The question, dreaded or loved that all engineers face is, “Tell me, what do you do?” As a controls engineer, I fall back to the following example.
Me: Imagine you are driving down the highway and you want to pass someone. What do you do?
Imaginary person: Well I would shift over to the left lane and speed up.
Me: And if they started to go faster as you tried to pass them?
Imaginary person: Well I guess I would speed up some more.
Me: And after you pass them, what then?
Imaginary person: Well I would move back over and slow back to my initial speed(1).
This simple example serves as a starting point for explaining the fundamentals of control algorithms.
- The “objective”: This is the thing we want to control. In this example, it is the speed of our vehicle.

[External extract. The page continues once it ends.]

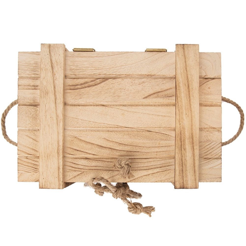 De kist is ook geschikt als originele cadeauverpakking – de ontvanger kan de box ook na het uitpakken blijven gebruiken. De praktische touwgrepen aan de zijkanten zorgen voor gemakkelijk dragen van plek naar plek.

- The input: How we affect the thing we want to control; for an automobile it is by depressing the acceleration pedal that the vehicle is commanded to go faster.

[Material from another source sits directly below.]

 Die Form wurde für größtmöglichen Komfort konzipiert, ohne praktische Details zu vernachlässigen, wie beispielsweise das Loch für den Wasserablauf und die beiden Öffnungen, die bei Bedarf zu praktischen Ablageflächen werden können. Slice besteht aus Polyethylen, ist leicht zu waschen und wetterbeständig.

- The feedback: The measurement of how close we are to our desired objective; e.g. are we going fast enough to pass the other car(2).
Everything is Newton’s method…
From the starting point of the automobile example, we can explain that the goal of a control algorithm is to drive the difference between the desired and the actual values to zero. We can expand the driving example to drive our point home.
- Overshoot: When you stamp on the gas and end up going 80 instead of the 75 you needed to pass…
- Fault detection: (Manual drivers only) when you try to hit 80 but are still in 2nd gear…
- Adaptive controls: You drive more carefully in downtown Boston(3) than on a rural highway…
As you could tell, this post is intended to be more light-hearted; however, I do find that thinking about controls problems in a non-technical relatable fashion helps me understand what I am talking about.
“It begins as an idea,
it ends with math(4)“
(1) We know this is an imaginary person since they said they slowed back down after passing.
(2)In this example we actually have an indirect measurement, are we passing the car not the actual speed of the vehicle.
(3) At least I hope you allow more space between drivers when moving about in a rush hour situation.
(4) Frequently, in presentations, I will say “in the end, it all comes down to the math.” While this is true, it lacks the motivation that drives the derivatives.